Interannual NPP fluxes from the CASA model have been reported previously (Behrenfeld et al., 2001) and validated against multi-year estimates of NPP from field stations and tree rings (Malmström et al., 1997). Net ecosystem fluxes of carbon from CASA have been validated against atmospheric inverse model estimates over two decades (Potter et al., 2003).

As documented in Potter (1999), the monthly NPP flux, defined as net fixation of CO2 by vegetation, is computed in CASA on the basis of light-use efficiency (Monteith, 1972). Monthly production of plant biomass is estimated as a product of time-varying surface solar irradiance, Sr, and EVI from the MODIS sensor, plus a constant light utilization efficiency term (emax) that is modified by time-varying stress scalar terms for temperature (T) and moisture (W) effects (Eq. 1).

$$ {\hbox{NPP}} = {{\hbox{S}}_{\rm{r}}}{\hbox{EVI\; }}{{\hbox{e}}_{{{ \max }}}}{\hbox{T W}} $$

The CASA emax term was set uniformly at 0.55 g C MJ−1 PAR, a value that derives from calibration of predicted annual NPP to previous field estimates (Potter et al., 2003). This model calibration has been calibrated globally by comparing predicted annual NPP to more than 1900 field measurements of NPP (Potter et al., 2003). Climate drivers for the CASA model were from the National Center for Environmental Prediction (NCEP) DOE-II reanalysis data set (Zhao and Running, 2010). NCEP land surface temperature, precipitation rates, and surface solar radiation data sets were averaged to monthly values at the 0.5° cell size. Land cover settings were aggregated from the MODIS global 1-km product (Zhao and Running, 2010).

The global 0.5° resolution MODIS vegetation index (VI) data sets used as inputs to Eq. 1 were generated by aggregating monthly 0.05° (~6 km) data (MOD13C2 version 005) from the USGS Land Processes data center (LP DAAC). The VI layer was selected from each MOD13C2 spatial composite file and surface water values are converted to “NoData”. To aggregate from a 0.05° cell size to 0.5°, the VI values for each 10×10 pixel block were then averaged to create a single 0.5° pixel greenness value. Each monthly layer was then multiplied by 0.0001 to scale the data to the standard MODIS VI value range.
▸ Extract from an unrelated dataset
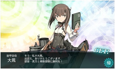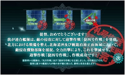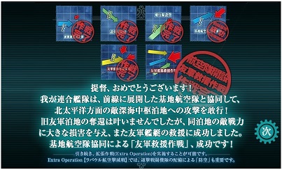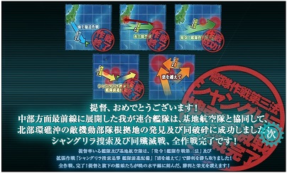 航戦1、重巡1、軽空2、雷巡1、水母1で行って、今度は楽々S勝利×3で任務達成。
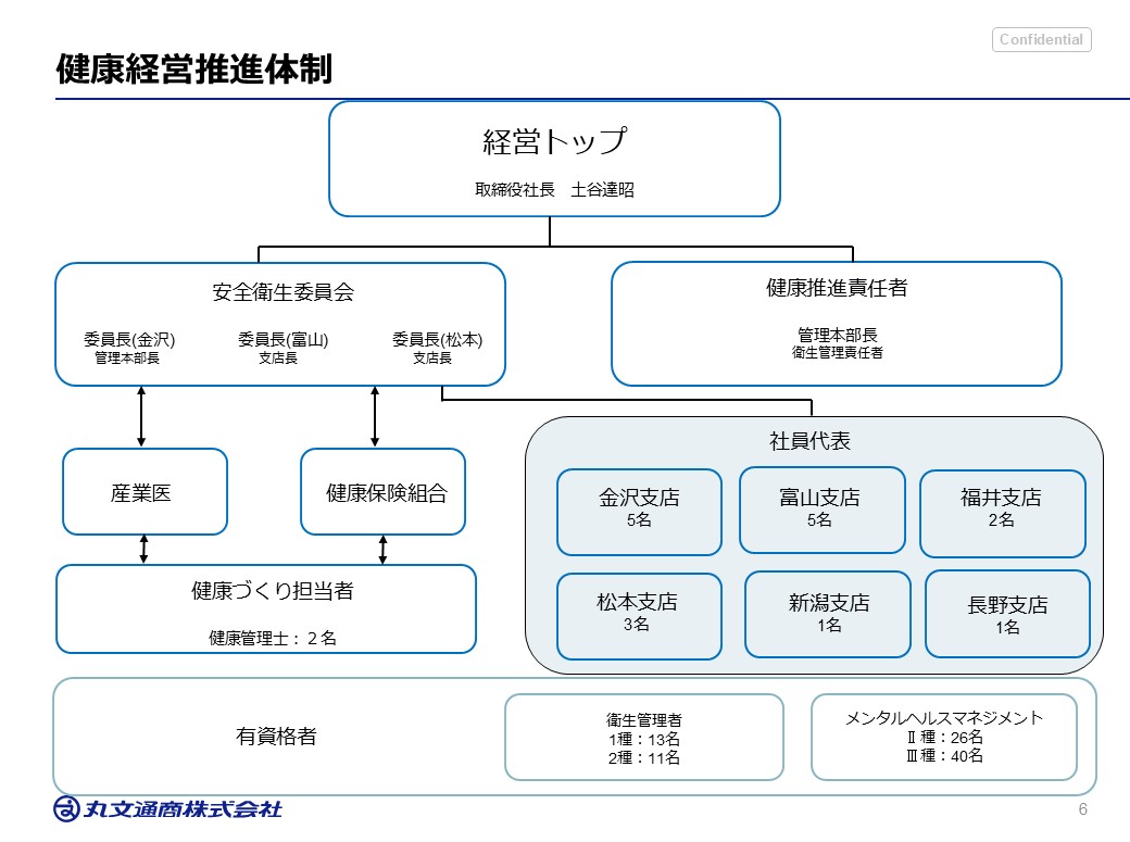 丸文通商株式会社は、社員が心身ともに元気に働ける職場を目指して、健康づくりのため下記の事項に取り組みます。

This aggregation procedure provided the greatest assurance of high-quality, cloud-free VI inputs to the carbon cycle model. The MOD13C2 gap-filling and temporal smoothing procedures are commonly accepted methods for unifying multi-year satellite VI data sets in cloudy regions (Jönsson and Eklundh, 2004). In order to calculate annual CASA NPP, these procedures must be applied to fill cloud- (or aerosol-) contaminated observations, since plant photosynthesis continues during daylight hours regardless of cloud cover (Zhao and Running, 2011).

The T stress scalar in Eq. 1 was computed with reference to derivation of optimal temperatures (Topt) for plant production. The Topt setting will vary by latitude and longitude, ranging from just above 0°C in the Arctic to the middle thirties in low latitude deserts. The W stress scalar was estimated from monthly water deficits, based on a comparison of moisture supply (precipitation and stored soil water) to potential evapotranspiration (PET) demand using the method of Priestly and Taylor (1972).
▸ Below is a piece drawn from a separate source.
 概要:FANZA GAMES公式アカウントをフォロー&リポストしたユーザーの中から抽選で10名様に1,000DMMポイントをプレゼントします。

Evapotranspiration was connected to water content in the soil profile layers, according to algorithms described by Potter (1999). The soil model design includes three-layer heat and moisture content computations: surface organic matter, topsoil (0.3 m), and subsoil to rooting depth (1 to 10 m). Maximum rooting depth for cropland and grassland cover types was set at 1 m, whereas non-tropical forest was set at 2 m and tropical forest was set at 10 m (Potter et al, 2003). These layers can differ in soil texture, moisture holding capacity, and carbon-nitrogen dynamics. Water balance in the soil was modeled as the difference between precipitation or volumetric percolation inputs, monthly estimates of PET, and the drainage output for each layer. Inputs from rainfall can recharge the soil layers to field capacity. Excess water percolates through to lower layers and may eventually leave the system as seepage and runoff.

The CASA model’s seasonal NPP results were evaluated in this study using flux estimates from eddy-correlation analysis, obtained from AmeriFlux tower flux sites that could meet certain criteria for model comparisons. First, at least three complete years of site flux measurements were required to evaluate model predictions of interannual variations in CASA NPP fluxes. Second, winter (or dormant/dry) season NPP fluxes were required from a site to evaluate model predictions on a year-round basis. Third, tower sites had to be representative of the same (predominant) vegetation class setting in the global land cover data used as input to the CASA model.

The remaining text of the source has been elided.